Она улыбается ему. Он ей тоже.
Солнечные лучи пробиваются сквозь листву, рисуя на коже Чанды Деви географические узоры. На ее руке он видит горный хребет. На ногах — реку. На горле — беспокойный водопад, отражение ее волос. Вскоре солнце сдвинется дальше к западу, и тогда все реки, хребты, пики и водопады на ее теле погрузятся во тьму. Вечер придет к концу. И способ восстановить увиденное только один: путешествовать вместе с солнцем, переживать закат снова и снова в разных точках земного шара — в монгольских степях, на ветреных перевалах Гиндукуша, в песчаных холмах Калахари, на острове Крит, в немецком Шварцвальде и норвежских фьордах. Когда Гириджа Прасад добирается до Шотландского нагорья, его отвлекает воспоминание. Во влажных тропиках он грезит о снеге.
— Ты видела снег? — спрашивает он.
— Нет. На что он похож?
Невозможно описать снег, когда сидишь на Андаманах. Какофония муссонов заглушает тихий шелест снегопада. В мыслях Гириджа Прасад возвращается к одинокой прогулке в засыпанном снегом парке — он гулял там, когда учился в Оксфорде. Слой мягчайшего белого пуха превратил обыденность в сновидение. Ничто — ни озеро, ни небо, ни даже солнце — не осталось прежним. Голые деревья подернулись льдом, будто мхом. Снег тяжело лежал на уцелевших листьях, его ноги тяжело ступали по снегу. Знобкий воздух щекотал ноздри и продирал горло.
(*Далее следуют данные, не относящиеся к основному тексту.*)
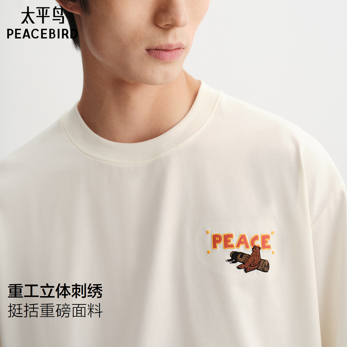 【Jonas联名】太平鸟男装 重磅刺绣宽松白色短袖T恤男B2CNF3201
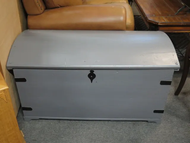 Gråmålad träkista m välvt lock l:107 cm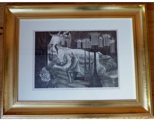 Franz Josef on the death bed Elisabet - gilded frame, extraordinary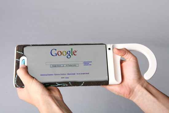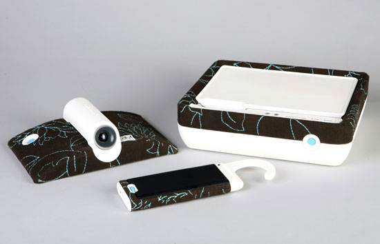 Targeted at media and data consumption more than creation, the system would allow everything from search-while-walking quick web queries and social networking checks, through to more in-depth content reading, and finally larger-scale film and video projection. Buddy uses fabric cases and covers to bridge the gap between computer and tactile decorative item, something you see with moderate frequency in concepts but far less often in production devices.
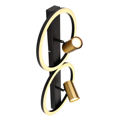 Matt fekete színű fém vázas mennyezeti lámpa opálos műanyag betétes búrával, beépített meleg fehér színhőmérsékletű LED fényforrással és 2db matt sárgaréz színű állítható GU10-es foglalatú fejjel.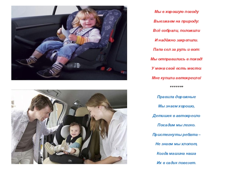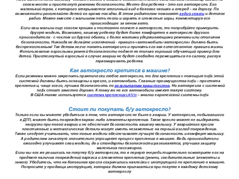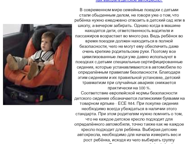 обыденным делом, не говоря уже о том, что ребёнка нужно ежедневно отвозить в детский сад или в школу, а вечером забирать. Однако когда в машине находятся дети, ответственность водителя и пассажиров возрастает во много раз. Ведь ребёнок во время поездки должен находиться в полной безопасности, чего не могут ему обеспечить даже очень крепкие родительские руки. Поэтому все цивилизованные люди уже давно используют в поездках с детьми специальные сертифицированные сидения, которые устанавливаются в автомобиле по определённым правилам безопасности. Благодаря этим сидениям и их правильной установке, детский травматизм при случайных авариях снижается практически на 100 %.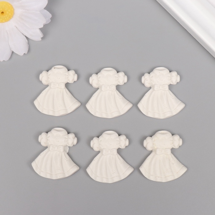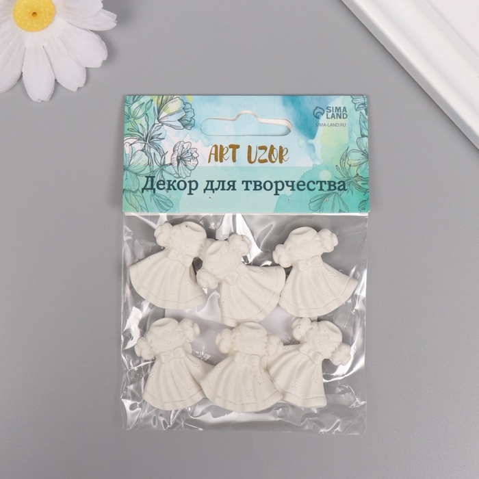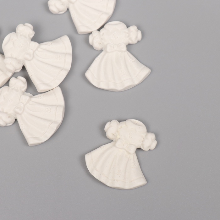 Декор для творчества полистоун "Платье с бантиком" белый набор 6 шт 2,7х3 см

Сидя на высочайшей вершине архипелага, ровно посередине между экватором и тропиком Рака, Гириджа Прасад мечтает о невозможном. Он хочет увидеть такой же закат над снежным пейзажем.
— Я не могу описать тебе снег, — говорит он Чанде Деви. — Мы, жители тропиков, не способны постичь всю его красоту, даже в воображении. Но я могу показать тебе, как солнце заходит над снегом. Для этого надо съездить в Кашмир зимой.
— А как же острова? — спрашивает она. — Может быть, мы никогда не захотим отсюда уезжать.
— Тогда в другой жизни.
Какой бы забавной ни казалась Гиридже Прасаду теория переселения душ, он не может не признать ее романтическую притягательность — ведь она разрешает ему насладиться в обществе жены другим закатом в других краях.
Она краснеет. Он тоже. Гириджа Прасад тянется к ее руке. Чанда Деви сплетает свои пальцы с его.
Весь остров подключается к происходящему. Птицы, насекомые, деревья, волны и алеющее над горизонтом солнце — все играют свои партии в обширной симфонии, которой дирижирует этот союз пальцев.